Toni był korespondentem amerykańskiej telewizji i naszym prezentem dla państwa "kontynuowała - bo za własne pieniądze żeśmy podróżowali, było właśnie otwieranie tego świata. Teraz postanowiłam otwierać Polskę, bo Polska została nieco na boku, a nawet daleko na boku. A przecie Polska to taki piękny i ciekawy kraj, więc ja zaczęłam otwierać moim czytelnikom, i widzom oczy na Polskę. Ukazały się cztery tomy jej książki "Groch i kapusta" ("To, co nasze, swojskie, przaśne i co naprawdę warto poznać", natomiast "Pieprz i wanilia", telewizyjne programy robione z Tonym Halikiem, "pokazywały to, co dalekie, egzotyczne, obce").
Pani Elżbieta najbardziej kocha Bieszczady. Na pytanie, gdzie najchętniej jeździ, odpowiada: "Paryż, Wenecja i Ustrzyki Górne", gdzie ma honorowe obywatelstwo i bezterminowy pokój w hotelu z widokiem na Połoninę Caryńską. Chwali też Dolny Śląsk, gdzie jest więcej pałaców i zamków niż nad Loarą, a niedaleko nas Biebrzę. - Uwielbiam tam latać balonem - zdradza.

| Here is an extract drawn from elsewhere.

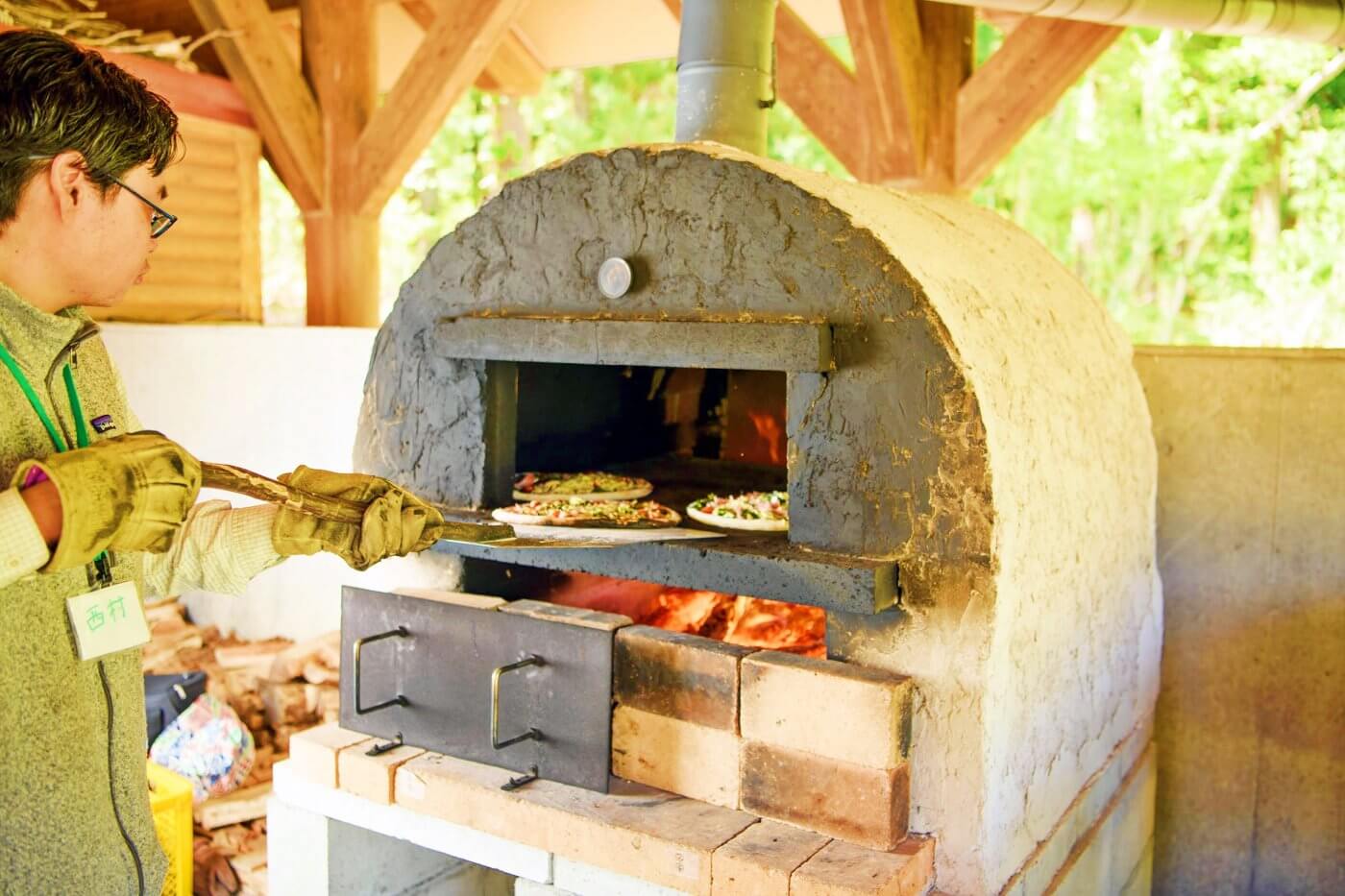 美味しさに定評のあるピザシートに、自分でとってきた季節の森の恵みをトッピングし、手作りの本格石窯でこんがり焼きたてを食べるまでの体験です。

Podczas ostatniej podróży do Chin Elżbieta Dzikowska poznawała mniejszości narodowe (stanowią 7% ludności, jest ich 55) skupione głównie na południu kraju. Można tam dotrzeć bez problemu, bo Chińczycy, w przeciwieństwie do nas, budują mnóstwo nowych dróg. Wyjaśniła, że interesuje ją świat, który odchodzi, i który też bardzo szybko się zmienia. Wszędzie są już teraz telewizory, każdy ma komórkę.

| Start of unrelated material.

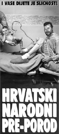 I druge ključne riječi hrvatske nacionalne ideologije potkopavaju se u Feralu ovakvim figurama. Primjerice u naslovu <DA LI HR-AČKATE?> adicijom spojnice fingira se etimološka ili značenjska veza između imenice Hrvatska i pejorativnog glagola hračkati, a sličan blasfemičan učinak u vezi sa sintagmom Hrvatski narodni preporod ima potpis <HRVATSKI NARODNI PRE-POROD> uz fotomontažu na kojoj Vladimir Šeks porađa Antu Đapića.

- Byłam w tych samych regionach dwa lata temu, a teraz, to jest wielka różnica - oceniła - społeczna też, ponieważ Chiny się bogacą. Wszędzie tłumy turystów.
Swoje obserwacje z podróży utrwaliła na interesujących zdjęciach, które pokazała czytelnikom wyszkowskiej biblioteki, obrazowo je komentując.
EB

Źródło: "Nowy Wyszkowiak" Nr 21 z 28 maja 2013 r.